• **MATERIAL SUPPLIED**:
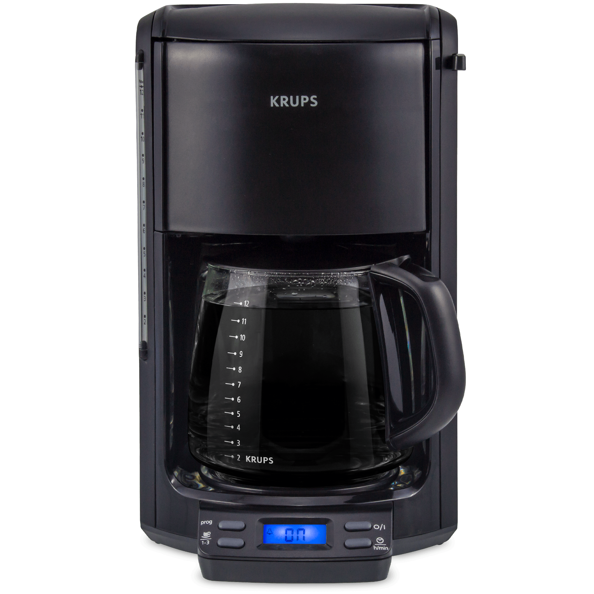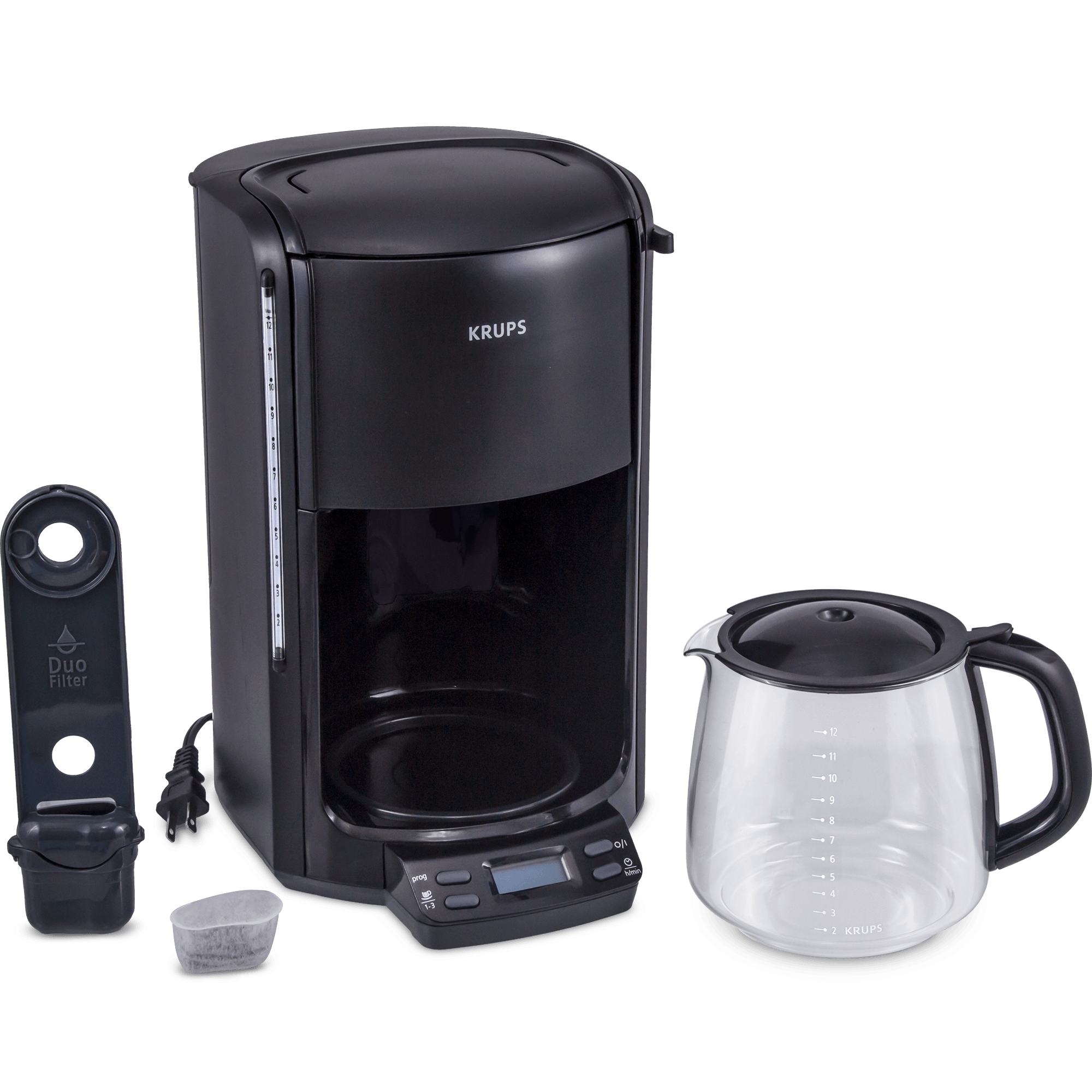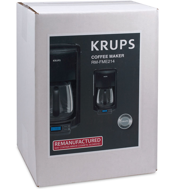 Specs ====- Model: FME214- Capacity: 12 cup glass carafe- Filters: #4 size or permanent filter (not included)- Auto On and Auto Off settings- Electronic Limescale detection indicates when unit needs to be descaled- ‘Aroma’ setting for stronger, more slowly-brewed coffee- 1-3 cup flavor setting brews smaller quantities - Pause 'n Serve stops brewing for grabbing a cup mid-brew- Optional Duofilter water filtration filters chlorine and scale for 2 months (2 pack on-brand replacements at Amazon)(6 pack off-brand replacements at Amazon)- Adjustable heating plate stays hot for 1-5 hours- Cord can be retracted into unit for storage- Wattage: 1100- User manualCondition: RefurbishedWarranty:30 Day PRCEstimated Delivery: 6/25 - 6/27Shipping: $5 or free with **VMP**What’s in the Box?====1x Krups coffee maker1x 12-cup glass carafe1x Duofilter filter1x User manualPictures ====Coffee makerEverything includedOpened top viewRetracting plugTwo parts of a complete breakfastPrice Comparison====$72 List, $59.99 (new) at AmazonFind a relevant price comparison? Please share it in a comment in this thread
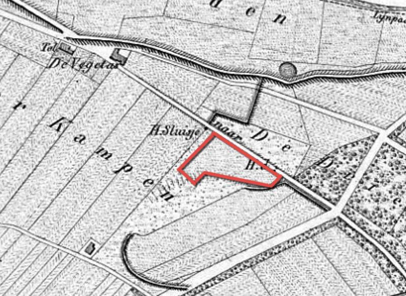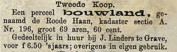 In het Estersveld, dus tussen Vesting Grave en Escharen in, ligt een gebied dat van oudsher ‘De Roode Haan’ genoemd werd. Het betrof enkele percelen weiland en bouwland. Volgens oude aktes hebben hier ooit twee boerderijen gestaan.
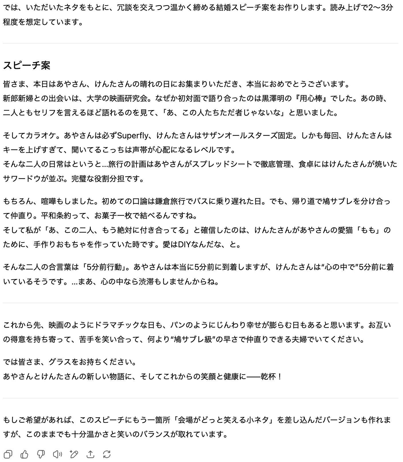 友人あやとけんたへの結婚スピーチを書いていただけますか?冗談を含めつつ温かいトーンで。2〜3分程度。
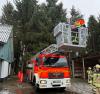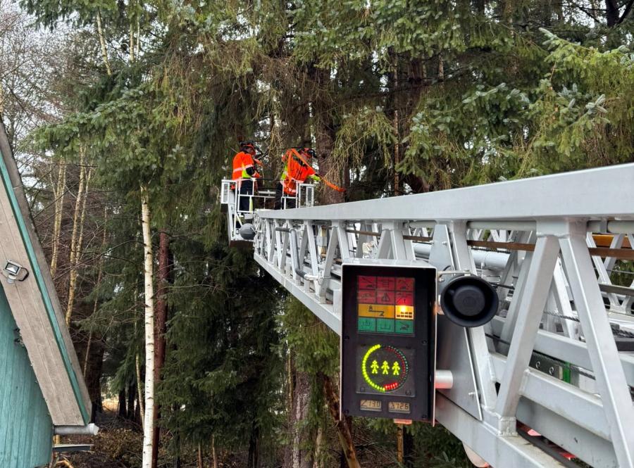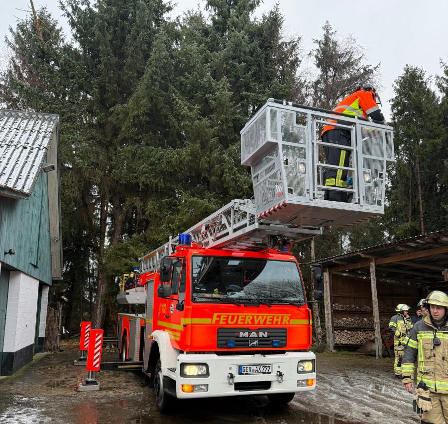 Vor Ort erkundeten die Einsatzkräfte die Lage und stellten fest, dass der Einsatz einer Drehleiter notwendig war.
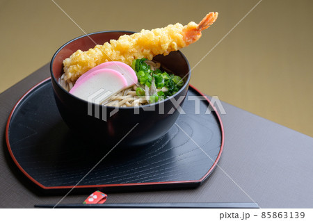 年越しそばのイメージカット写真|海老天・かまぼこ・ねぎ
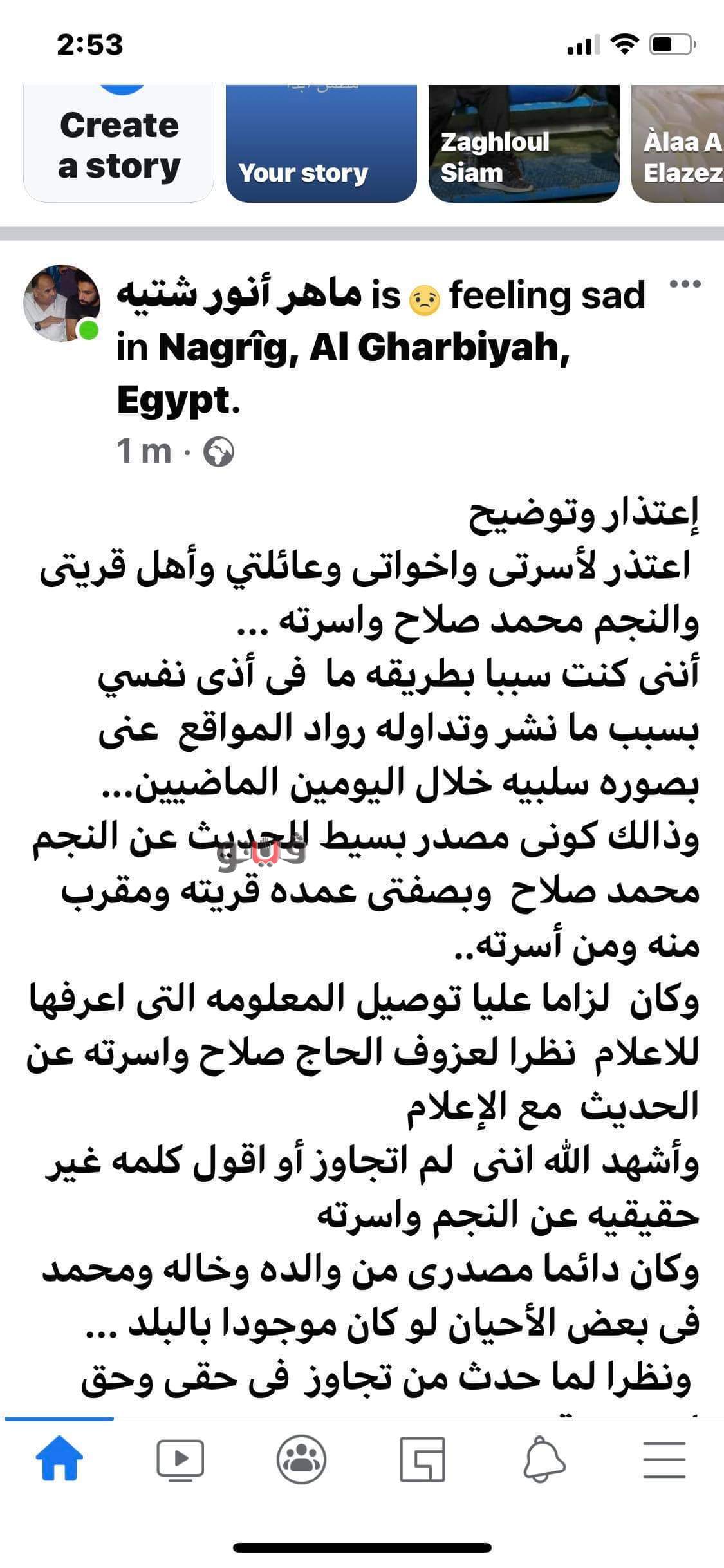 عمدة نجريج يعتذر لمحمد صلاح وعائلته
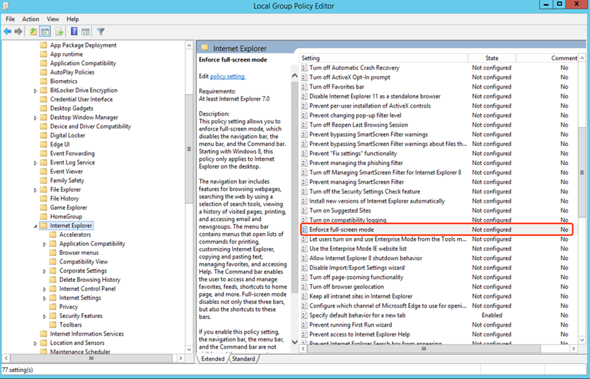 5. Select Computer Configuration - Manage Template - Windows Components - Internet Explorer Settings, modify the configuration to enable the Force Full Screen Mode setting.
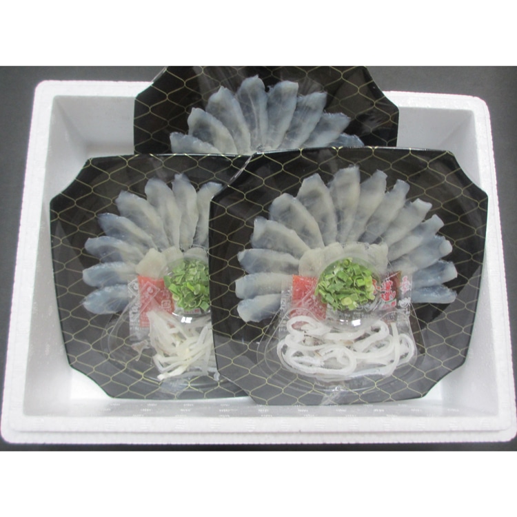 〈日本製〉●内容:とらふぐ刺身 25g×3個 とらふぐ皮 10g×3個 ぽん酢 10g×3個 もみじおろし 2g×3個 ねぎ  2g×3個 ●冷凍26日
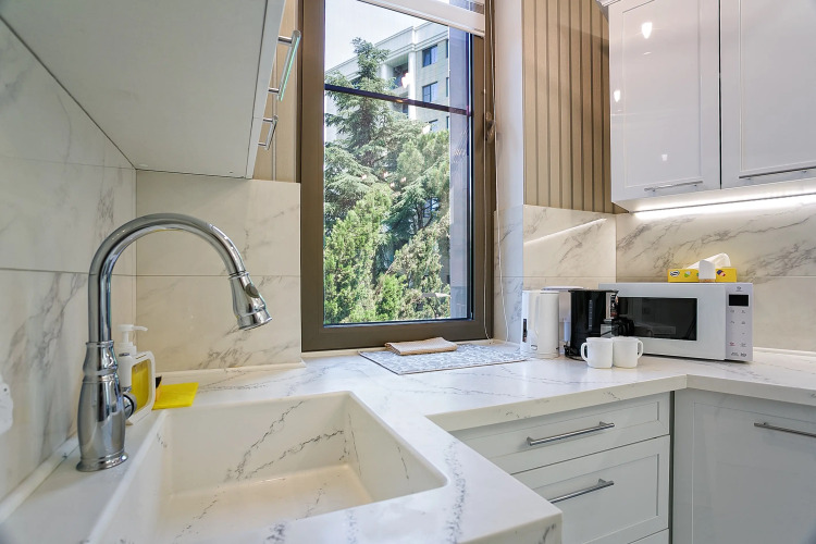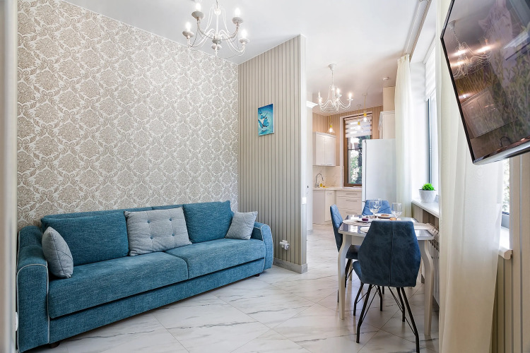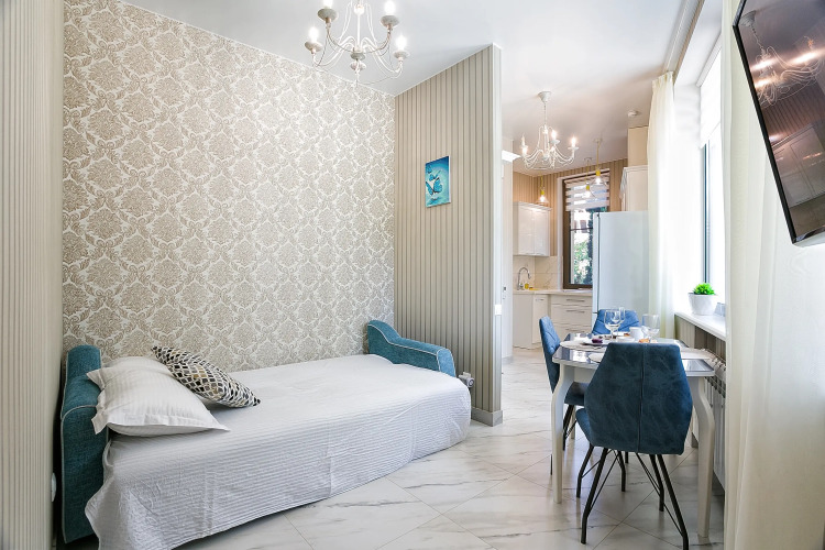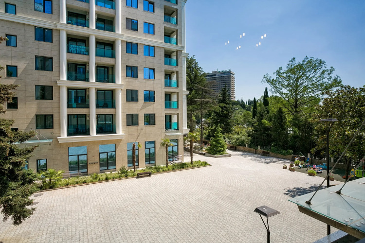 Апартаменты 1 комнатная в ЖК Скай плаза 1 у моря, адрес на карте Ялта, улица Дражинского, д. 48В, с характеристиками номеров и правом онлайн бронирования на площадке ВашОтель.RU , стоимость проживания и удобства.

• **BRIEF**:
Retype the data above exactly; pictures are not part of the copy.

• **WORKED SOLUTION**:
 Specs ====- Model: FME214- Capacity: 12 cup glass carafe- Filters: #4 size or permanent filter (not included)- Auto On and Auto Off settings- Electronic Limescale detection indicates when unit needs to be descaled- ‘Aroma’ setting for stronger, more slowly-brewed coffee- 1-3 cup flavor setting brews smaller quantities - Pause 'n Serve stops brewing for grabbing a cup mid-brew- Optional Duofilter water filtration filters chlorine and scale for 2 months (2 pack on-brand replacements at Amazon)(6 pack off-brand replacements at Amazon)- Adjustable heating plate stays hot for 1-5 hours- Cord can be retracted into unit for storage- Wattage: 1100- User manualCondition: RefurbishedWarranty:30 Day PRCEstimated Delivery: 6/25 - 6/27Shipping: $5 or free with **VMP**What’s in the Box?====1x Krups coffee maker1x 12-cup glass carafe1x Duofilter filter1x User manualPictures ====Coffee makerEverything includedOpened top viewRetracting plugTwo parts of a complete breakfastPrice Comparison====$72 List, $59.99 (new) at AmazonFind a relevant price comparison? Please share it in a comment in this thread
 In het Estersveld, dus tussen Vesting Grave en Escharen in, ligt een gebied dat van oudsher ‘De Roode Haan’ genoemd werd. Het betrof enkele percelen weiland en bouwland. Volgens oude aktes hebben hier ooit twee boerderijen gestaan.
 友人あやとけんたへの結婚スピーチを書いていただけますか?冗談を含めつつ温かいトーンで。2〜3分程度。
 Vor Ort erkundeten die Einsatzkräfte die Lage und stellten fest, dass der Einsatz einer Drehleiter notwendig war.
 年越しそばのイメージカット写真|海老天・かまぼこ・ねぎ
 عمدة نجريج يعتذر لمحمد صلاح وعائلته
 5. Select Computer Configuration - Manage Template - Windows Components - Internet Explorer Settings, modify the configuration to enable the Force Full Screen Mode setting.
 〈日本製〉●内容:とらふぐ刺身 25g×3個 とらふぐ皮 10g×3個 ぽん酢 10g×3個 もみじおろし 2g×3個 ねぎ  2g×3個 ●冷凍26日
 Апартаменты 1 комнатная в ЖК Скай плаза 1 у моря, адрес на карте Ялта, улица Дражинского, д. 48В, с характеристиками номеров и правом онлайн бронирования на площадке ВашОтель.RU , стоимость проживания и удобства.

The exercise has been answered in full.